If adopted, this RG would provide updated NRC guidance and methods that are acceptable to the NRC staff for releasing patients who have been administered radiopharmaceuticals or implants that contain radioactive material. The RG includes procedures applicable to the NRC and Agreement State licensees for instructing patients before and after they receive medical treatment involving the administration of radioactive material, as well as recordkeeping requirements. The RG also lists dose rates that licensees should use to meet NRC regulatory requirements for the release of such patients.

3.

Alternative Approaches The NRC staff considered the following alternative approaches:

(1)

Do not revise RG 8.39.

(2)

Withdraw RG 8.39.

2 (3)

Revise RG 8.39.

Alternative 1: Do Not Revise Regulatory Guide 8.39 Under this alternative, the NRC would not issue additional guidance and the current Revision 1 would be retained. If the NRC does not act, there would not be any changes in costs or benefit to the public, licensees, or the NRC. This alternative is considered the no-action alternative and provides a baseline condition from which any other alternatives will be assessed.

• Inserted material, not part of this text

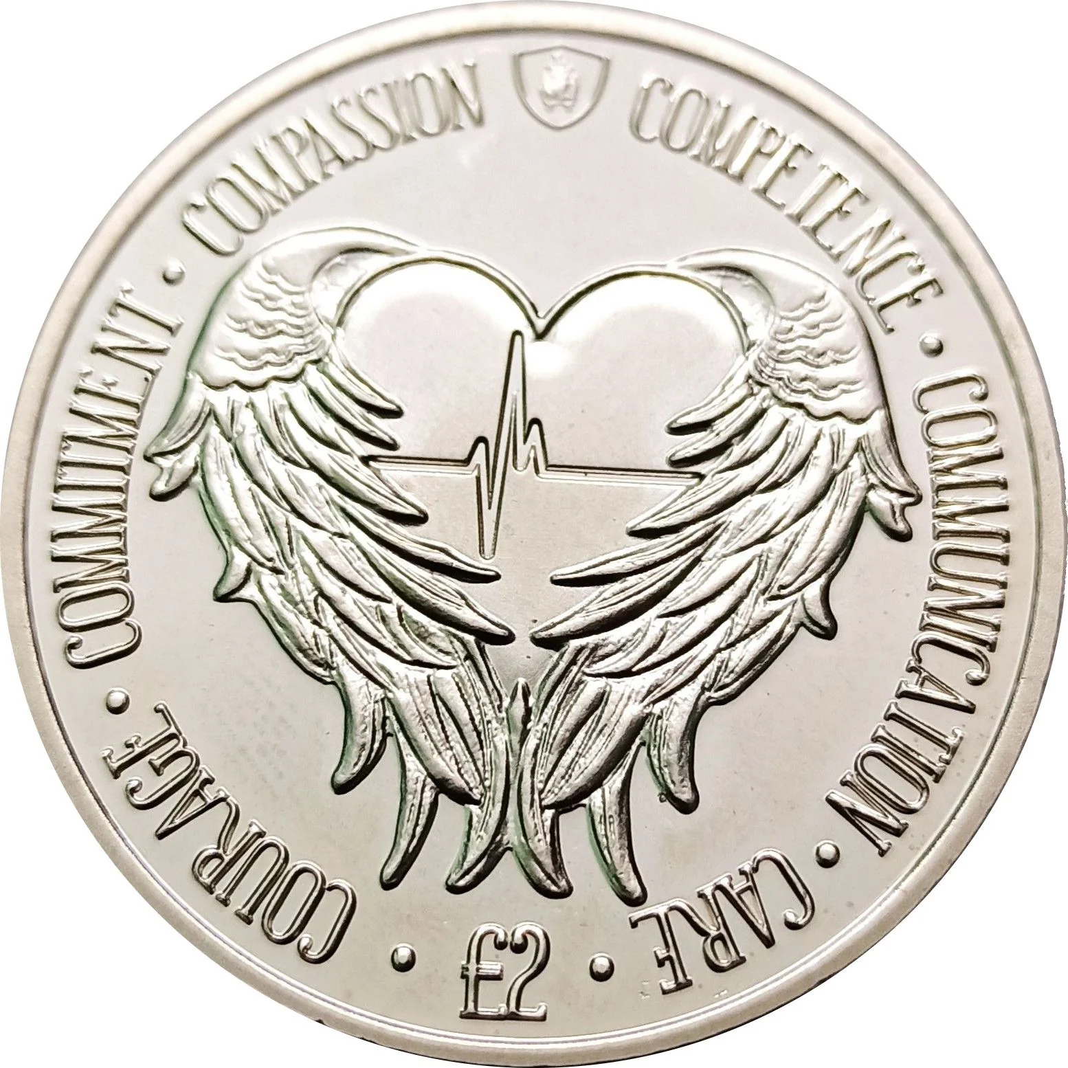 A heart with a heartbeat line, encircled by angel wings symbolizing caregiver protection. It is surrounded by the 6Cs of Compassion in Practice and the Coat of Arms of South Georgia & the South Sandwich Islands.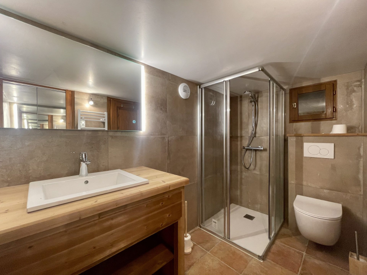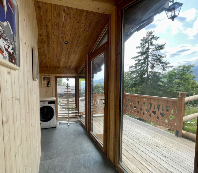 *1ER NIVEAU : buanderie avec lave-linge/séchant, et terrasse solarium face au Mont Charvin. Salle de bains avec douche à l'italienne (attention, hauteur sous plafond <1.90m). Accès à l'étage supérieur par l'escalier en colimaçon.

However, the no-action alternative would not address the outdated guidance in the current version of the RG.

Alternative 2: Withdraw Regulatory Guide 8.39 Under this alternative, the NRC would withdraw RG 8.39. This alternative would eliminate the staffs guidance regarding patient release, which would leave licensees without instructions for compliance with 10 CFR 35.75. Thus, patients who have been administered unsealed byproduct material or implants containing byproduct material could be released by licensees without guidance, resulting in potential exposures to other individuals above the regulatory dose limits of 5 millisieverts (0.5 rem).

Alternative 3: Revise Regulatory Guide 8.39 Under this alternative, the NRC staff will issue Revision 2 to RG 8.39. As described in SECY-18-0015, Staff Evaluation of the U.S. Nuclear Regulatory Commissions Program Regulating Patient Release after Radioisotope Therapy, (available in the Agencywide Documents Access and Management System under Accession Number ML17279B139) dated January 29, 2018), the NRC staff found that the methodology used in RG 8.39 Revision 0 was out of date and could result in the underestimation of exposure in certain situations. Revision 1 to RG 8.39 provided updated instructions to patients but the methodology for patient release was not updated. Therefore, this alternative by issuing Revision 2 is providing the most up-to-date staff guidance for applicants and licensees to avoid the potential for licensees to underestimate exposure from released patients.

4.

Conclusion Based on this regulatory analysis, the NRC staff concludes that a revision of RG 8.39 is warranted. The proposed action will delineate the latest staff guidance to licensees regarding the release of patients who have been administered radioactive material.